Character

Character

Characters can be classified in a variety of ways. One could partition the ascii characters into digits, symbols, upper case letters, lower case letters, and non-printing characters. Unicode is an incredibly robust standard that classifies all characters as well. We’ll simplify our analysis for the purpose of identifiers in programming languages, which are a bit more limited than the extent of all of unicode. Something to loop back to.

Moving forward, we will define a character as one of the printable ascii characters. We can partition these characters in the following classes:

  • The space character (0x20)
  • ASCII digits 0-9 (0x30-0x39)
  • Uppercase Latin alphabet (0x41-0x5A)
  • Lowercase Latin alphabet (0x61-0x7A)
  • Symbols, everything else

In unicode terminology, we are going to consider only characters from the Basic Latin block. 1

Letter Case

The unicode standard 16.0.0 describes a case as follows. 2

Case is a normative property of characters in certain alphabets whereby characters are considered to be variants of a single letter.

In the context of the basic latin block, we only need to consider two variants of this case property.
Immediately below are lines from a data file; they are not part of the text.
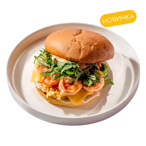 Булочка бриошь, тигровая креветка, скрэмбл, сыр, микс салат, соус трюфельный, соус спайси
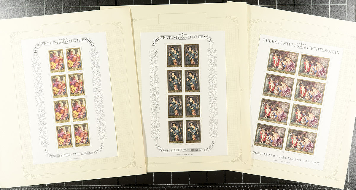 Collection / Accumulation of primarily never hinged Liechtenstein sheets, 1938-2000, with roughly 120 sheets or souvenir sheets, in several manila or Vario-style stock pages. The group has better representation from the 1960's to the 1980's, with some sheets cataloguing $5 to $30 and up each, including Scott #159 (lh, c.v. $90), leaving finds to the dedicated collector. Owner's Scott 2020 catalogue value for the collection totals $1,704. Duplication is up to 2-3 for some sheets. A nice grouping not often offered in this quantity, overall fine to very fine. 2024 Scott US$1,704.00 =
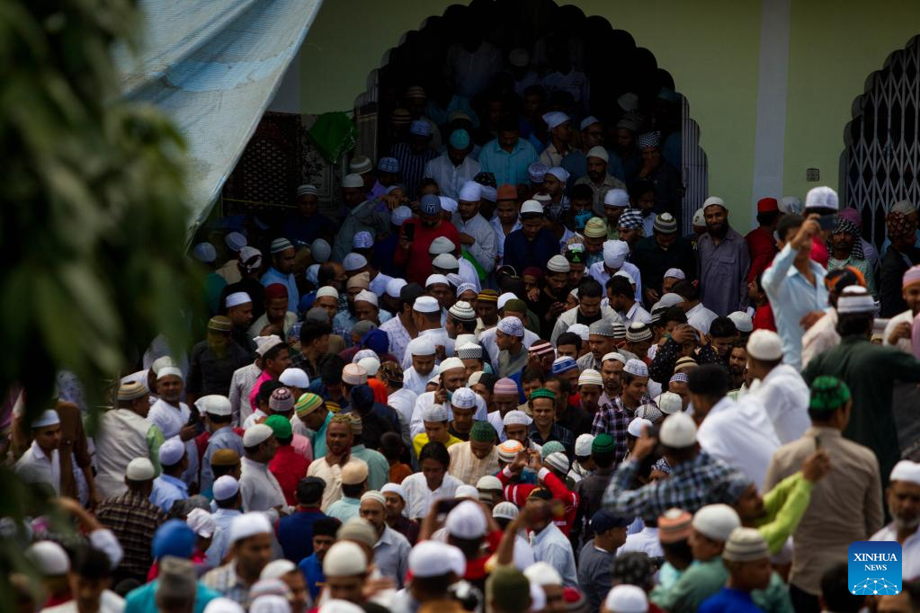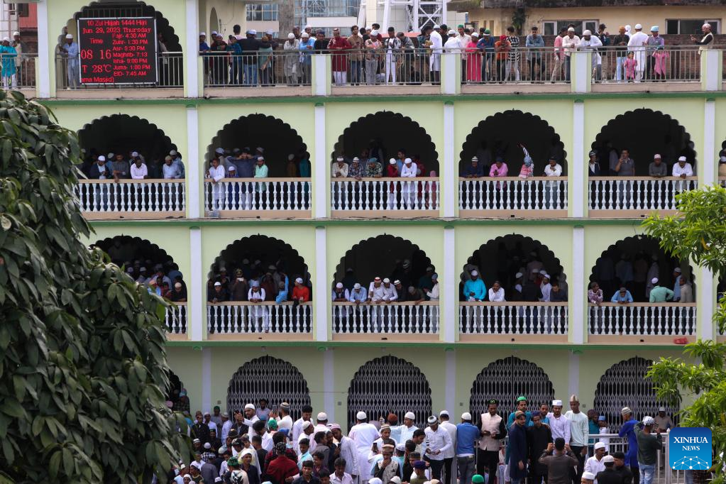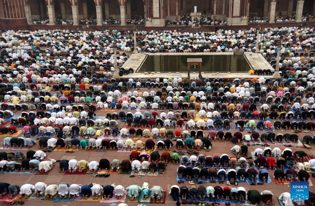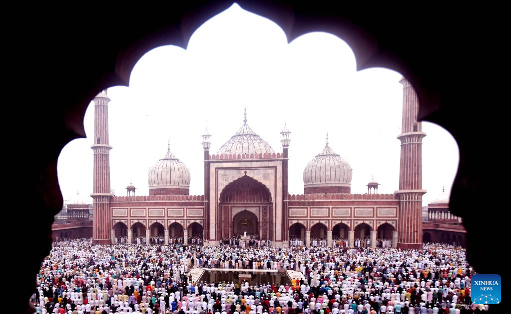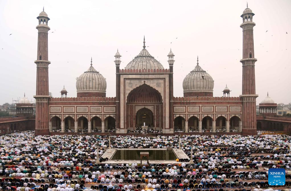 People offer Eid Al-Adha prayers at a grand mosque in New Delhi, India, June 29, 2023. (Str/Xinhua)
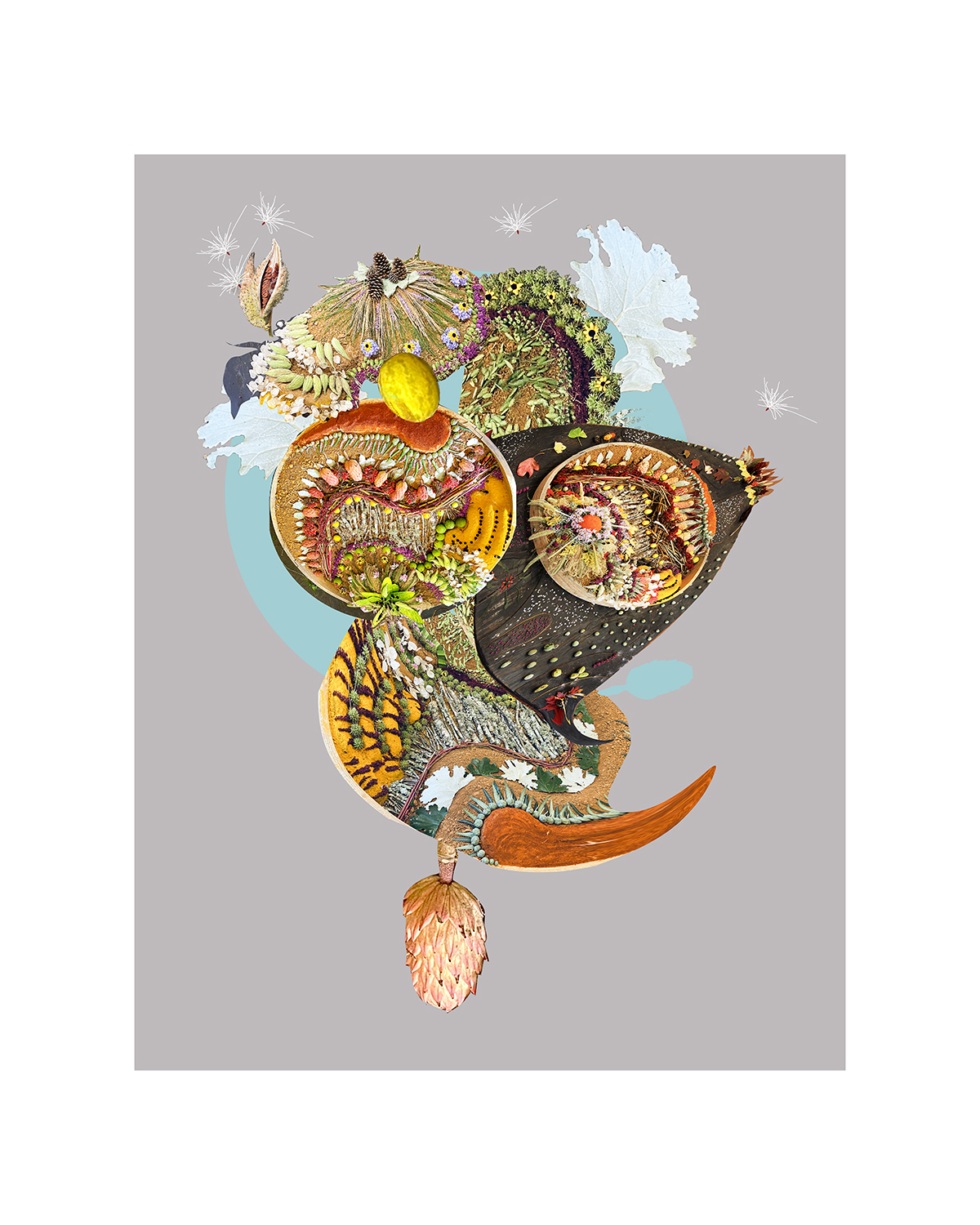 As an artist with a long history in photography, digital manipulation, performance art and installation, my practice of creating forms from an authentic relationship to the earth fuses all mediums. The heightened moment of completion is photographed and becomes an archival print, an artifact of the momentary (or temporal moment). Making in places where others circulate ‘outside’ is a significant performative aspect to my work. I often place forms in high circulation areas and leaving collected found materials where people would feel comfortable adding to each Terra Form. Sometimes I invite specific groups or pedestrians to work with me or refresh the work with newly collected foliage in the following days. The experience is to be shared, changed and felt by others, with the hopes of inspiring a deeper engagement to the sophistication and balance of the natural world. After years of separating ourselves with climate controlled lodging and impervious surfaces, this “Terra Forma” series seeks to encourage others to feel the air that is, the leaves that tremble, and the earth beneath their feet.”
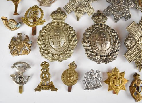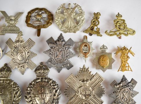 Twenty nine British Army metal badges including Highland Battalion Cyclists Territorial Force, 92nd Gordon Highlanders, 8th Scottish King's Liverpool Volunteer Battalion, South Lancashire, Royal Artillery and Somerset Light Infantry, some restrikes
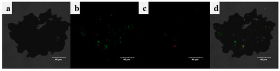 CLSM micrographs of the co-immobilized lipases onto mMWCNTs@4-arm-PEG-NH2; (a) bright-field micrograph; (b) dark field of RhB-labeled CRL fluorescence micrograph (c); dark field of FITC-labeled ROL fluorescence micrograph (d); overlay of a bright field, RhB-labeled CRL and FITC-labeled ROL fluorescence micrograph.

These variants, which may differ markedly in shape and size, are called the uppercase letter (also known as capital or majuscule) and the lowercase letter (also known as small or minuscule).

In the context of what we will define later as a string case, we call this property letter case. All characters are one of uppercase, lowercase, or neither. Characters that are neither uppercase or lowercase we say are caseless.

letter case examples
lowercase a, b, c, …, z
uppercase A, B, C, …, Z
caseless 0,…,9, _, -, space, etc.

todo: should letter case be two words?